In efforts to achieve ever greater performance in interactions between different electronic devices connected by lengthy conductors made up of printed circuit board (PCB) traces and/or cable wires, such as computer systems and peripheral devices (e.g., printers, scanners, cameras, disk drives, etc.), the rates at which commands and/or data are transferred between such electronics systems through such lengthy conductors have continued to be increased. It is typical for such external cables to be of considerable length to suit the convenience of users of such electronic devices by allowing such users the flexibility to place such electronic devices some distance apart from each other. Indeed, a length of approximately six feet or two meters has become quite commonplace for such external cables. It is also typical for electronic devices to have connectors positioned on the exterior of electronic devices at locations about the exterior of such electronic devices to suit either the convenience or aesthetic concerns of users, and this often results in the use of lengthy PCB traces to couple those connectors to the necessary circuitry within those electronic devices. However, such lengthy cable wires and/or PCB traces present lengthy conductors that increase capacitance levels and frequency-dependent signal loss, thereby slowing down the rate at which changes in voltage levels that are meant to signal changes in binary values are able to propagate from one end of such lengthy conductors to the other. In earlier years, with slower data transfer rates, this slower rate of signal propagation could be largely ignored, since there was plenty of time available for such propagation to occur such that the entire conductor would achieve the new desired voltage level with plenty of time to spare before the new voltage level would be read by a device receiving that signal.
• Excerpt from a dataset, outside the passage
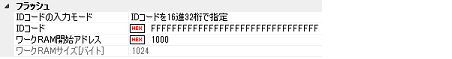 このカテゴリ内の設定は,外部フラッシュ・メモリへダウンロードする場合に必要となります。各プロパティ内の設定についての詳細は,「2.5.2.5 外部フラッシュ・メモリへダウンロードする【E1】【E20】」を参照してください。

However, in the current day, data transfer rates have already become high enough that the amounts of time required for such propagations of changes in signals across such a lengthy conductor have now become significant quantities of time that can no longer be ignored and must, therefore, be reduced to allow data transfer rates to increase further. Various techniques have already been tried in an effort to address this issue, including the use of lower voltage swings (i.e., decreasing the difference between voltage levels of high and low states) and differential signaling. Unfortunately, the need for the voltage level of the high state to be distinguishable from the voltage level of the low state by receiving circuitry limits the degree to which the difference between those two voltage levels may be reduced.
Therefore, there continues to be a need for a way to transfer data between electronic devices connected through lengthy conductors that further counteracts the delays in the propagation of changes in signals induced by the added signal loss arising from such conductor lengths.